Native Hadoop Libraries
Purpose
Hadoop has native implementations of certain components for reasons of both performace & non-availability of Java implementations. These components are available in a single, dynamically-linked, native library. On the *nix platform it is libhadoop.so. This document describes the usage & details on how to build the native libraries.
Components
Hadoop currently has the following compression codecs as the native components:
Of the above, the availability of native hadoop libraries is imperative for the lzo and gzip compression codecs to work.
Usage
It is fairly simple to use the native hadoop libraries:
- Take a look at the supported platforms.

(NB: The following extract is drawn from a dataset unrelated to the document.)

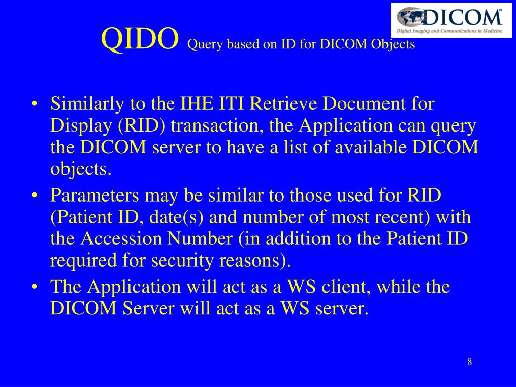 Similarly to the IHE ITI Retrieve Document for Display (RID) transaction, the Application can query the DICOM server to have a list of available DICOM objects. Parameters may be similar to those used for RID (Patient ID, date(s) and number of most recent) with the Accession Number (in addition to the Patient ID required for security reasons). The Application will act as a WS client, while the DICOM Server will act as a WS server. QIDO Query based on ID for DICOM Objects
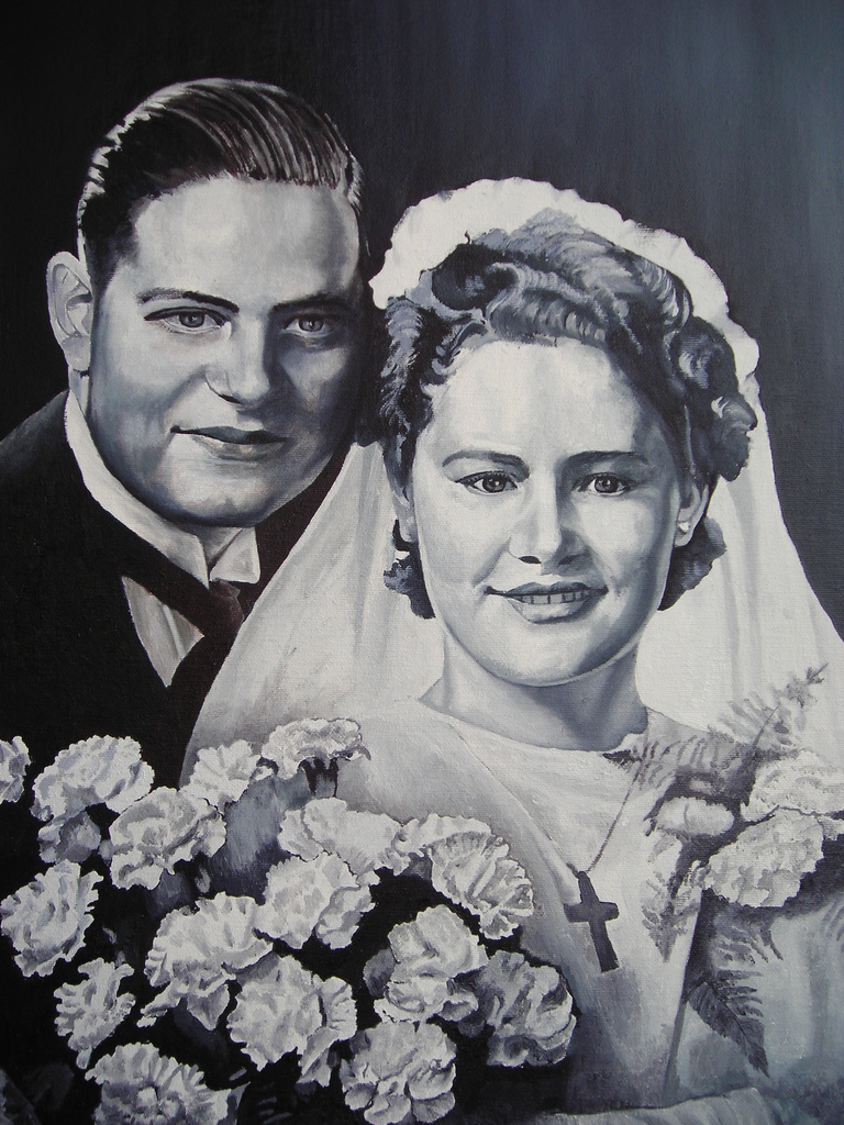 portret van opa en oma op hun trouwdag in sepia stijl

- Either download the pre-built 32-bit i386-Linux native hadoop libraries (available as part of hadoop distribution in lib/native directory) or build them yourself.
- Ensure you have either or both of >zlib-1.2 and >lzo2.0 packages for your platform installed; depending on your needs.
The bin/hadoop script ensures that the native hadoop library is on the library path via the system property -Djava.library.path=<path>.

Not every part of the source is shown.